What is needed: Each line below is to be repeated exactly; any picture is to be left out.

Data below:
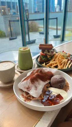 星期日3点几去到都要等一阵位,不过都好快入座,坐咗系近门口啲嘅位,唔会好似入面咁同其他人坐好近,但就会成日有人系前面行黎行去🤣🍔Waffle Burger with Sous Vide Short-Rib牛小排肉质都算嫩,但唔知点解冻冻地,加埋山葵酱食系几夹嘅,有埋薯条同沙律,个人认为沙律啲酱少酸😅依个Burger 嘅窝夫就干身少少嘅🧇Chocolate Waffle拣返普通嘅朱古力味,上面个层麻糬暖暖地好烟韧,觉得唔错😋下面有4件窝夫,口感偏腍,底下有层香蕉酱,都几香,可以连埋个比利时朱古力雪糕一齐食,前面个啲黑糖啫喱就无特别无咩味☕️(Hot) Flat White正常发挥咖啡味好够浓🍹焦糖抹茶海盐奶盖好饮,焦糖味好香但又唔会好甜,可能中和返抹茶本身有嘅少少苦味,上面薄薄嘅一层海盐奶盖比想像中出色~…查看更多
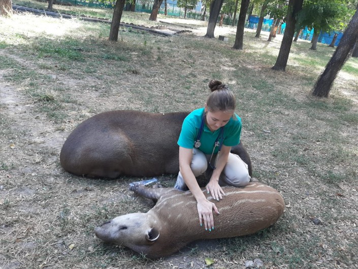 "Обожаю тапиров, потому что это очень ласковые и отзывчивые животные. Они всегда рады тебя видеть. Вообще, они неприхотливые животные. Но тапиров нужно разминать, они должны много двигаться, чтобы не было проблем с лишним весом. А массаж улучшает циркуляцию крови. Тапиров я массирую, в частности, в области грудной клетки, потому что эти животные любят много купаться и им надо помочь избавиться от застоев в легких", - уточнила Алина.
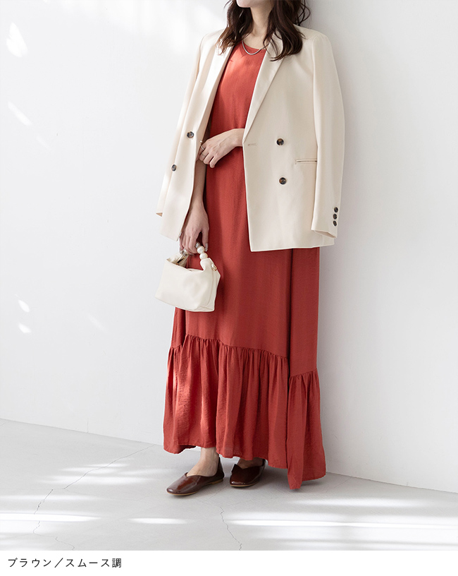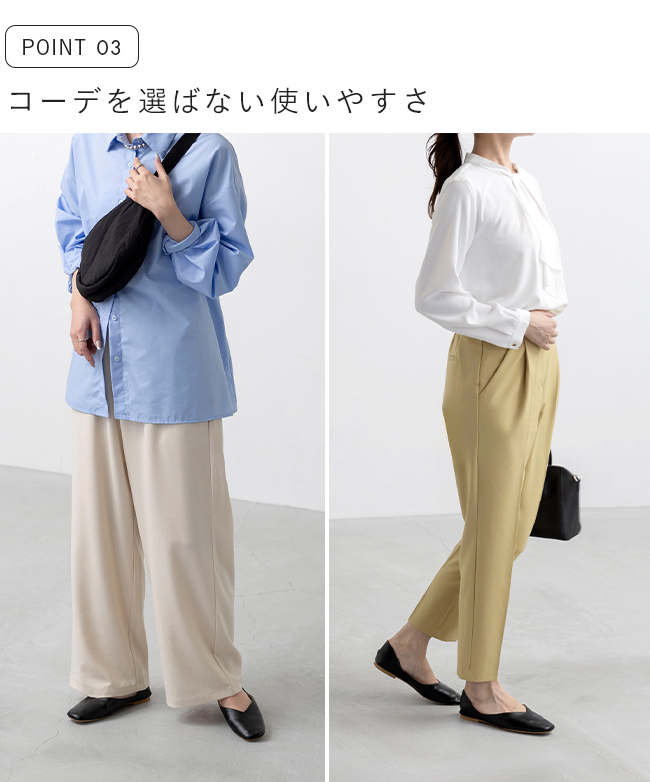 カジュアルコーデはもちろん、上品な素材感はオフィスのキレイめコーデにもマッチ。

Written answer:
 星期日3点几去到都要等一阵位,不过都好快入座,坐咗系近门口啲嘅位,唔会好似入面咁同其他人坐好近,但就会成日有人系前面行黎行去🤣🍔Waffle Burger with Sous Vide Short-Rib牛小排肉质都算嫩,但唔知点解冻冻地,加埋山葵酱食系几夹嘅,有埋薯条同沙律,个人认为沙律啲酱少酸😅依个Burger 嘅窝夫就干身少少嘅🧇Chocolate Waffle拣返普通嘅朱古力味,上面个层麻糬暖暖地好烟韧,觉得唔错😋下面有4件窝夫,口感偏腍,底下有层香蕉酱,都几香,可以连埋个比利时朱古力雪糕一齐食,前面个啲黑糖啫喱就无特别无咩味☕️(Hot) Flat White正常发挥咖啡味好够浓🍹焦糖抹茶海盐奶盖好饮,焦糖味好香但又唔会好甜,可能中和返抹茶本身有嘅少少苦味,上面薄薄嘅一层海盐奶盖比想像中出色~…查看更多
 "Обожаю тапиров, потому что это очень ласковые и отзывчивые животные. Они всегда рады тебя видеть. Вообще, они неприхотливые животные. Но тапиров нужно разминать, они должны много двигаться, чтобы не было проблем с лишним весом. А массаж улучшает циркуляцию крови. Тапиров я массирую, в частности, в области грудной клетки, потому что эти животные любят много купаться и им надо помочь избавиться от застоев в легких", - уточнила Алина.
 カジュアルコーデはもちろん、上品な素材感はオフィスのキレイめコーデにもマッチ。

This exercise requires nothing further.